Mountains Talking |
Archive |
Reading List |
Teisho Tapes Catalog
The Quarterly Newsletter of The Zen Center of Denver
Lotus in the Flame Temple
Fall 1999
Zen BUDDHISM
The opening talk given by Sensei before the Rohatsu 1997 sesshin.
At this time, hundreds, perhaps thousands, of Zen practitioners all over the world are participating in the Rohatsu sesshin commemorating the Buddha's Supreme Enlightenment that changed the world forever. The Rohatsu sesshin is often characterized by severity. It is the sesshin at which people vow to make greater effort, to go the extra mile, by way trying to requite a debt of gratitude to the Buddha Shakyamuni. At some temples and monasteries the sitting rounds are longer and every day another round is added to the daily schedule culminating in all-night or late night formal sitting.
Zen did not appear as a result of spontaneous combustion. Like everything else, it is the effect of a prior cause. That cause is Siddhartha Gautama, or Shakyamuni Buddha.
In Asia the general population has elevated Shakyamuni Buddha to the position of a deity and pray to him for favor, thus missing entirely the teaching of the Buddha. In the West however, there is a tendency to denude Buddhism of its religious content, which also destroys Buddhism entirely. Perhaps due to disenchantment with Judeo-Christian traditions there is interest in Zen as a kind of secular transcendental psychology. People want the Zen without the Buddhism. They want to get enlightened but have nothing to do with religion as they perceive it. This "psychologicalization" of Zen Buddhism could mean its demise.
Once when I was discussing this matter with Robert Aitken Roshi, I said that Philip Kapleau Roshi, when asked whether it was possible to do away with all religious forms in the practice of Zen, said that he supposed that would be possible, but that it would be like drinking skimmed milk when you could be drinking whole milk. I said that I thought that Kapleau Roshi was right about this. Aitken Roshi said, "If I were asked if Zen could be conveyed without religion, I would simply say no. It is not milk without the cream. The breast is dried up." So both of these teachers are very clear about the desirability and necessity for Zen to be practiced in a religious context.
The first definition of the word religion in the dictionary is, "A concern with the unseen." The religious experience is a mystery beyond the pale of reason, logic, concept, and imagination. It cannot be confined within a psychological or philosophical paradigm.
One teacher recently said, "Pure awareness is what we truly are. We are not the different states and feelings, moods and tempers succeeding one another. All of it comes and goes lightly, cloud-like, without leaving a trace, when thought doesn't identify with any of it." Although articulate and eloquent, this is the worst kind of reductionism. Bodhidharma said, "Self-nature is inconceivably wondrous." When Emperor Wu asked him, "Who are you?" Bodhidharma did not say, "I am pure awareness." He said, "I don't know."
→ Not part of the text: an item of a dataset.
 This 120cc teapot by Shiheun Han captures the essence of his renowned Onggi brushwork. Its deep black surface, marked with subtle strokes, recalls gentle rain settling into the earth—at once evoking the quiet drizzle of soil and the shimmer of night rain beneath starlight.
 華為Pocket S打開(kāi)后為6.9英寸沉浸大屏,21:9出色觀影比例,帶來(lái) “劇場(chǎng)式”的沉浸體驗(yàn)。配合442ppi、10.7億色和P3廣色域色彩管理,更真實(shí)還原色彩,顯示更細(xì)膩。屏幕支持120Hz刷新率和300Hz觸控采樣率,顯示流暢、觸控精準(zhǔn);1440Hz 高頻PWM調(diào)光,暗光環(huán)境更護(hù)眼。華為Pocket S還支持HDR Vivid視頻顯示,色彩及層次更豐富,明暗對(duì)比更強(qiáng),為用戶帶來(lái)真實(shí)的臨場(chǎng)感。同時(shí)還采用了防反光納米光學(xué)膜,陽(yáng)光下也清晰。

The Rohatsu sesshin is about Buddha; the historic Buddha, Siddhartha Gautama or Shakyamuni, the archetypal Buddha, the Tatagatha, and Buddha Nature, the immaculate, perfect mind which is at the core of all existence. "Buddha Nature pervades the whole universe existing here and now." The Diamond Sutra says, "If you search for me through form and color you cannot see the Buddha." How shall we see the true inconceivable and mysterious formless ground of ourselves and all existence? Not by practicing psychology.
In this country, there is a danger that the greater will be absorbed by the lesser. This 2500-year-old religion based upon the profound spiritual awakening of the Buddha is in danger of being reduced and absorbed by a western psychological tradition in its infancy.
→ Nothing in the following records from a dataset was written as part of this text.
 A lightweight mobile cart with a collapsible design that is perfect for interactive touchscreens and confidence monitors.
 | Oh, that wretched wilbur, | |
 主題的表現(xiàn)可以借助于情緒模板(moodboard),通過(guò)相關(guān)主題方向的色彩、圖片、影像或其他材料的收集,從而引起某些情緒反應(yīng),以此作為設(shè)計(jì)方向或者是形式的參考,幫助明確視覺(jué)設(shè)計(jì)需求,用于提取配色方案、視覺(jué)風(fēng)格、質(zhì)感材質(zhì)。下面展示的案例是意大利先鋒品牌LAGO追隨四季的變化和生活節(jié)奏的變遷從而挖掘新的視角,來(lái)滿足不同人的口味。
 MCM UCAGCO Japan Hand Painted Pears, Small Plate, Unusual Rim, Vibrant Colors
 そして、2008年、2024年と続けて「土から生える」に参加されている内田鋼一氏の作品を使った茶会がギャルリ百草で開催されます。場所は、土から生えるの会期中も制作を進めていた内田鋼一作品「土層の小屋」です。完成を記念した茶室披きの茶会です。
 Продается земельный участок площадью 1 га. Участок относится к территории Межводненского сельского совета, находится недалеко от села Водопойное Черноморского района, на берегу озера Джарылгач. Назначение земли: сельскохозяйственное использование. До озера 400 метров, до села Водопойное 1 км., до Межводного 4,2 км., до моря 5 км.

Many people at our temple will never come to Vesak, the ceremonies and celebration of the Buddha's birth, or the Buddha's Enlightenment Ceremony or the Buddha's Parinirvana Ceremony. They don't see the relevance. They want the Zen without the Buddhism. This is a profound mistake.
For us, the Rohatsu sesshin is largely for the purpose of putting the Buddha at the very heart of our tradition and cultivating a truly religious sensibility in our work of spiritual awakening. For this we turn to myth, legend, and archetype as well as history. So let us open to our extraordinary religious tradition, which is the expression of the life of a truly remarkable religious giant, Shakyamuni Buddha.